> [TASK BRIEF]:
This exercise calls for an exact copy of the listing, with no pictures kept.

> [DATA]:
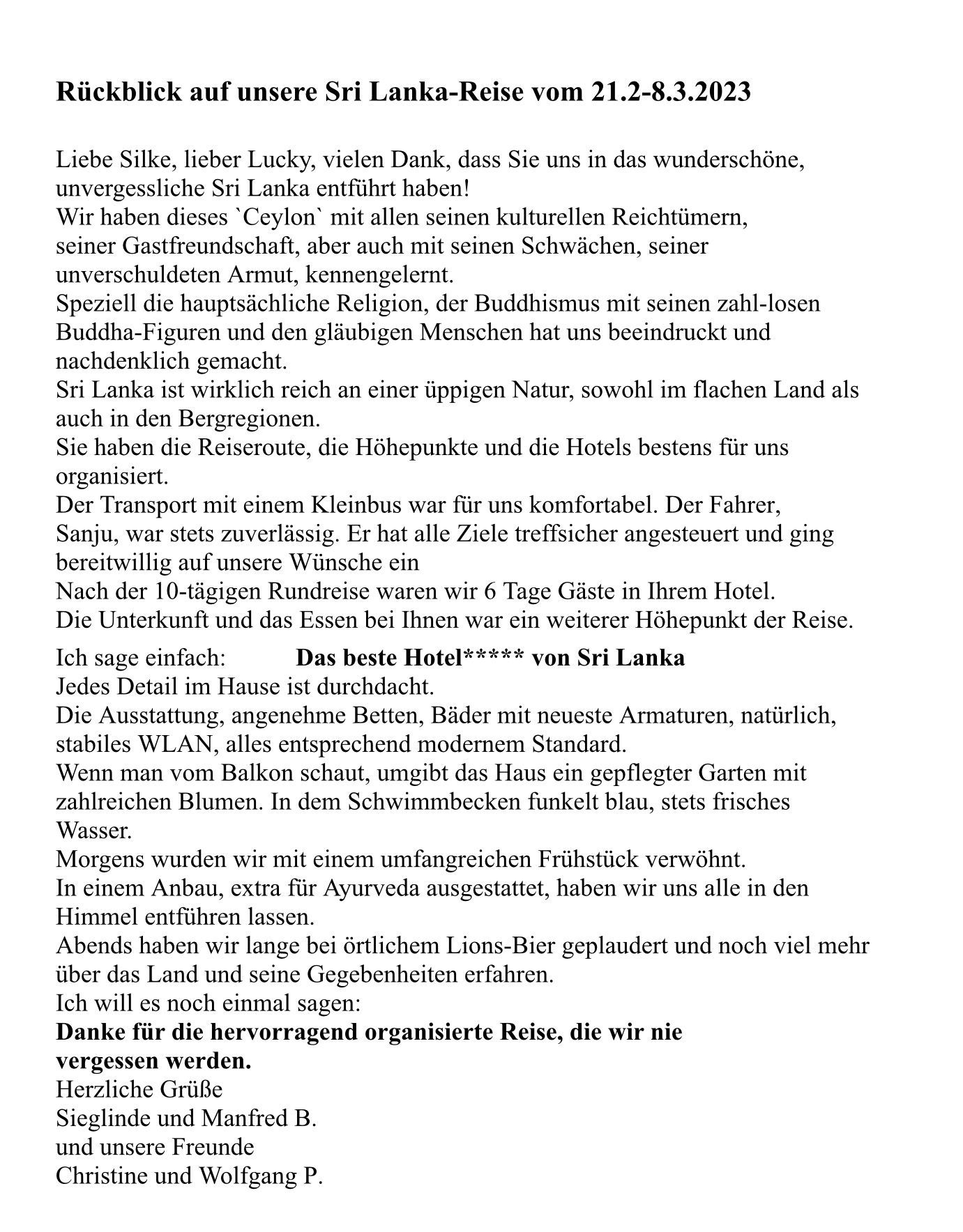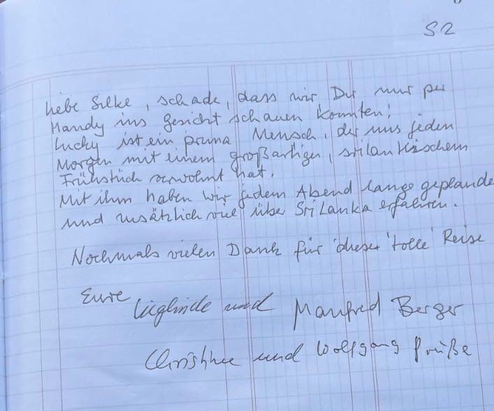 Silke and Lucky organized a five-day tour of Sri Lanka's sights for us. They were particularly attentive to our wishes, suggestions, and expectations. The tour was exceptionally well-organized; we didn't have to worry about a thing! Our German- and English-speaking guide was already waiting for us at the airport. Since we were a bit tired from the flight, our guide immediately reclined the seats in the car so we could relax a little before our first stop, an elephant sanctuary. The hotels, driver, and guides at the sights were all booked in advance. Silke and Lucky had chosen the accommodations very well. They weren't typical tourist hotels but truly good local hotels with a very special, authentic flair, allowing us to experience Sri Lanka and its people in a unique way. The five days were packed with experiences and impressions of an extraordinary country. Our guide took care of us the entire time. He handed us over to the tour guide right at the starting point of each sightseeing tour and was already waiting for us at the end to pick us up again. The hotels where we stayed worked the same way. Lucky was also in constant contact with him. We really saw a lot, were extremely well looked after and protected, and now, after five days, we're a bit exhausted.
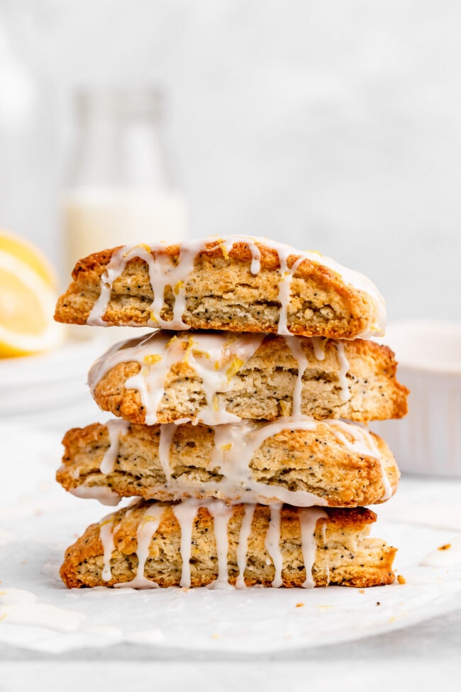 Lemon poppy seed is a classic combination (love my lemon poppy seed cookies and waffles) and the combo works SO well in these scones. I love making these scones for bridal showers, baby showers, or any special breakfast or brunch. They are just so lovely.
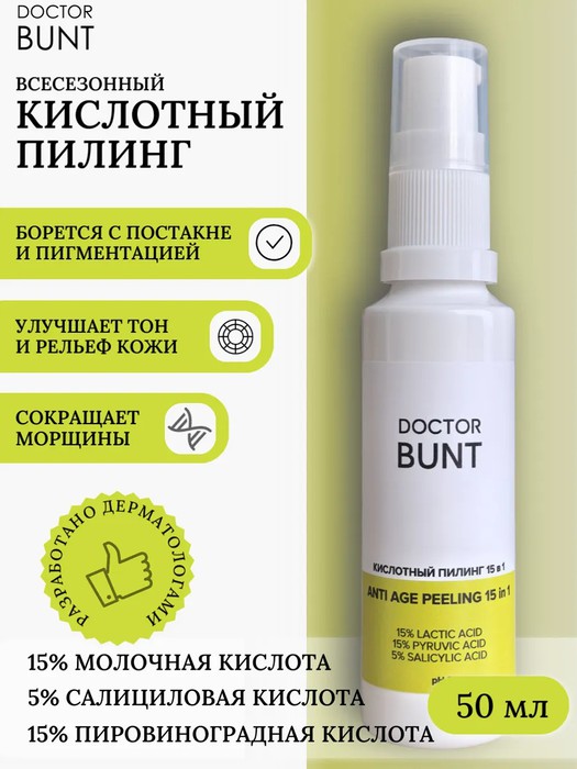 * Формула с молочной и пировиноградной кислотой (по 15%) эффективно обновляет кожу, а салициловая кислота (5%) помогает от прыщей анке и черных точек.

> [TASK OUTPUT]:
 Silke and Lucky organized a five-day tour of Sri Lanka's sights for us. They were particularly attentive to our wishes, suggestions, and expectations. The tour was exceptionally well-organized; we didn't have to worry about a thing! Our German- and English-speaking guide was already waiting for us at the airport. Since we were a bit tired from the flight, our guide immediately reclined the seats in the car so we could relax a little before our first stop, an elephant sanctuary. The hotels, driver, and guides at the sights were all booked in advance. Silke and Lucky had chosen the accommodations very well. They weren't typical tourist hotels but truly good local hotels with a very special, authentic flair, allowing us to experience Sri Lanka and its people in a unique way. The five days were packed with experiences and impressions of an extraordinary country. Our guide took care of us the entire time. He handed us over to the tour guide right at the starting point of each sightseeing tour and was already waiting for us at the end to pick us up again. The hotels where we stayed worked the same way. Lucky was also in constant contact with him. We really saw a lot, were extremely well looked after and protected, and now, after five days, we're a bit exhausted.
 Lemon poppy seed is a classic combination (love my lemon poppy seed cookies and waffles) and the combo works SO well in these scones. I love making these scones for bridal showers, baby showers, or any special breakfast or brunch. They are just so lovely.
 * Формула с молочной и пировиноградной кислотой (по 15%) эффективно обновляет кожу, а салициловая кислота (5%) помогает от прыщей анке и черных точек.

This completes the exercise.